Germany adopts first sustainable finance strategy
Olaf Scholz, the German federal minister of finance, speaks of “a far-reaching decision” for the local financial sector. Germany, on Wednesday, adopted its first sustainable finance strategy, which aims to mobilise investments for climate protection and sustainability. The national strategy is also due to address climate risks within the German financial system.
Germany seeks to reach carbon neutrality by 2045, with the objective of trimming by 65% its greenhouse gas emissions (vs.1990) by 2030 and 88% by 2040. These are already 40% down compared to the 1990 levels. Hence, to ramp up efforts, the 26-measure package implies shifting federal investments to sustainable forms of investment, sustainability labels for consumers (sustainability traffic lights) and new sustainability reporting requirements for companies.
A €9bn shift in sustainability indices
The government said the various federal pension funds will thus gradually reallocate their equity investments into sustainability indices and align on internationally recognised sustainable standards and norms. “The greenhouse gas emissions of the equity portfolios must therefore fall continuously in order to reduce the resulting climate risks. The investment volume is currently around €9bn,” it said. The strategy's document specifies that the equity investments will be gradually divided into two sustainability indices applying the EU climate transition benchmark requirements and aligned with the Paris Agreement objectives.
The German authorities have chosen S&P Dow Jones Indices to develop an innovative environmental, social and governance (ESG) index which will serve as a performance benchmark for four of the government’s federal special pension funds.
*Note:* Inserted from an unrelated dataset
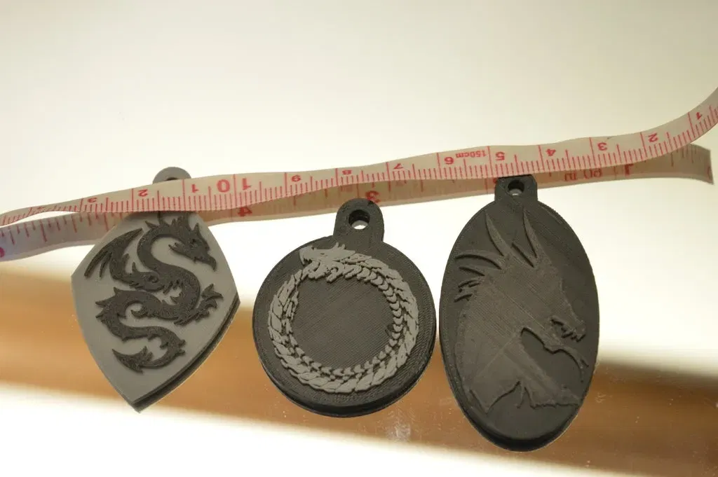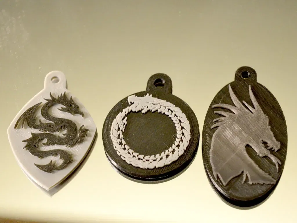 Những cái này là tui in bằng đầu phun 0.2mm, còn con rồng tròn tui in ở tỉ lệ 115%. Mấy bạn cứ thoải mái scale to lên nha, chắc cỡ 200% là vẫn vừa với hầu hết các khoen móc khóa đó.

The S&P ESG Eurozone 60 Bund-SV Index will rely on S&P Global’s ESG scores to determine eligibility. Index constituents will be selected and weighted to be collectively compatible with a 1.5°C global warming climate scenario and to meet other climate-focused objectives. Companies involved in certain business activities, including those that are not aligned with the principles of the United Nations’ Global Compact and those that are involved in ESG controversies, will be excluded from the index.
Longer maturity in green govies
The government added that it will play its role in the development of the sustainable financial instruments market through German green bonds. These will be issued with longer maturities, it said, “so that a green federal yield curve can be established and become the benchmark in the green euro capital market.”
Germany has already planned the issuance in May 2021 of a first 30-year green federal bond while a second 10-year green federal bond issuance is scheduled for the second half of 2021.
Green light for retail investment
The German authorities said they want to ensure reliable and comparable information offers that show how sustainability risks and opportunities affect the business models of companies and what effects corporate activities have on environmental and human rights.
Besides, Germany is keen on developing a traffic light system for financial products in order for private investors to better spot sustainable products.
“Such a traffic light system can build on the audited sustainability reports and the EU disclosure regulation and make it clear at first glance whether a company takes environmental protection and human rights seriously. A quick EU- wide solution would be the first choice here. Should this not succeed, the federal government will work out its own proposal for a national sustainability traffic light,” said the German federal government.
Non-financial corporate reporting under watch
The German sustainable finance strategy sees the implementation of requirements on non-financial corporate reporting such as audit certification, integration of climate risks. The authorities said they will bring this into the upcoming negotiations on the EU corporate social responsibility directive (CSRD).
Another key component of the strategy, the federal government will commission a scenario study on physical climate risks for the real economy and finance in Germany. “The aim is to enable companies to better recognise and deal with risks based on this,” it specified.
Green supervisory strengthened
Germany plans to bolster green supervisory as well. The Federal Ministry of Finance will therefore develop a concept in 2021 “as to how the Federal Financial Supervisory Authority ( BaFin ) will be supported organisationally, e.g. through appropriate human and technological resources.” Moreover, BaFin will release a report by autumn 2021 on enhancing cooperation with other federal institutions, including the Federal Environment Agency (UBA) and the Federal Office for Economics and Export Controls (Bafa).
The German authorities pledged to continue to support Germany’s investment bank Kreditanstalt für Wiederaufbau (KfW) in implementing its sustainable finance agenda.
A clear no to nuclear in EU green taxonomy
Lastly, the German federal government reaffirmed its negative stance towards the inclusion of nuclear in the EU green taxonomy.
“The financial market needs clarity about which investments will still be worthwhile in the future - and which will be too risky because they finance past business models. For this approach to work, the definitions of what is sustainable and what is not must be correct. We are currently negotiating this at European level. For the federal government it is clear: nuclear power cannot be sustainable,” said the German environment minister Svenja Schulze.
She added that anyone claiming the opposite is “jeopardizing the credibility of a sustainable financial market policy.”
“Nuclear energy is no longer economically viable, it is not clean and it harbors unavoidable, large residual risks that can no longer be dumped on the general public," Schulze said.